On est resté là, tous ensemble, mains dans la main, à regarder les ballons. Jusqu'à ce qu'ils disparaissent complètement à l'horizon.
Ca nous a fait un bien fou.
Je me suis dit que c'était tout de même étrange, ce besoin très humain de rituels et de symboles.
Avec un dernier regard au dernier scintillement des ballons, je me suis dit que le monde ne serait plus jamais le même.
Les jours suivants ont été une succession de démarches et d'obligations. Fort heureusement, nous nous sommes partagé cela, papy, maman, mes deux oncles et moi. Et on se retrouvait le soir pour faire le point.
Sauf le jour où il a fallu aller choisir le cercueil, où nous y sommes tous allé ensemble - à nouveau, en nous tenant très fort par la main.

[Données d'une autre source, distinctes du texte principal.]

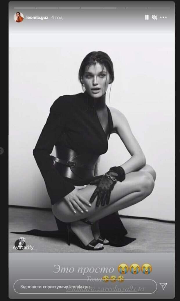 Образ Гузь дополнила кожаным широким ремнем, который обозначил талию звезды. Об этом пишет Politeka.net со ссылкой на страничку знаменитости. "Это просто...", - написала красотка под фотографией. Фанаты не ставили лайки и не писали комментарии, но обычно звезду без комплиментов не оставляют: "Невероятно красиво", "так мило !", "Очень красиво", "Обожаю", "Абсолютно великолепно... люблю это, такая потрясающая съемка", "Обожаю наряд", "Богиня, эффектная и чувственная", "Эффектно и чудесно, как ты прекрасна, любовь", "Очень красивая фотография", "Безупречно красивая", "Ну все. Вот и я влюблен". Мы писали, что модель Леонила Гузь произвела фурор дерзким образом. Модель примерила образ роковой красотки, покорив необычным макияжем (половина лица была загримирована белой краской) и прической с "мокрым" эффектом. Гузь немного наклонила голову вперед, "хищно" посмотрев в камеру. Напомним, растрепанная Мисс Украина Леонила Гузь блеснула главной гордостью во весь экран А еще Politeka сообщала, что Мисс Украина Леонила Гузь широко расставила ноги, прикрыв самые пикантные места одним мехом Также Politeka писала, что "Мисс Украина" Леонила Гузь раскрепостилась в ванной перед зеркалом

Quand je repense à cette période, c'est ce dont je me souviens en premier : cette solidarité. Comment nous étions sans cesse à nous serrer les uns contre les autres, comme des petits animaux perdus. C'était des moments très doux, au milieu de ces moments très durs. C'était assurément des moments qui m'ont aidé à tenir le coup.
Réussir à gérer les démarches et le jour férié a été un enfer. Mais on y est arrivé.
Quelques jours plus tard, mamie était à la chambre funéraire. Là encore, on s'est relayé pour veiller, pendant les heures d'ouverture. Et accueillir les visiteurs. Je n'ai jamais compris l'intérêt de venir voir "un corps".
Et pourtant, j'allais saluer mamie en arrivant, et en repartant, et je déposais un baiser sur son front.
Je me disais que j'étais bête.
Mais c'était important pour moi.
Elle avait été habillée, et maquillée. Elle était magnifique. Elle avait un petit sourire en coin qui donnait l'impression qu'elle allait éclater de rire à tout instant. La première fois que je l'ai vu, j'ai fondu en larmes.
Parmi les choses que l'on voulait absolument faire, c'était également de remercier l'équipe de l'hôpital qui s'était si bien occupé d'elle - et qui avait été aux petits soins avec nous. On a souhaité leur faire un "petit panier" : finalement, on est arrivé avec un sachet de courses immense qu'on était obligé de porter à deux, et 150€ de victuailles dedans. C'était la moindre des choses.
Toutes les nuits, je me réveillais à 3h du matin, en sursaut : "il faut aller relayer maman !".
J'ai mis très longtemps à refaire des nuits complètes.
Parfois aussi, je me réveillais parce que je n'entendais plus mamie respirer.
Et pour cause...
Très vite, est arrivé la véritable conclusion à cette histoire : l'épreuve finales des funérailles.
Je me souvenais à quelle point elles avaient constitué une étape dans mon deuil de mon beau-père. J'espérais que ça marquerait une étape également dans celui de ma grand-mère.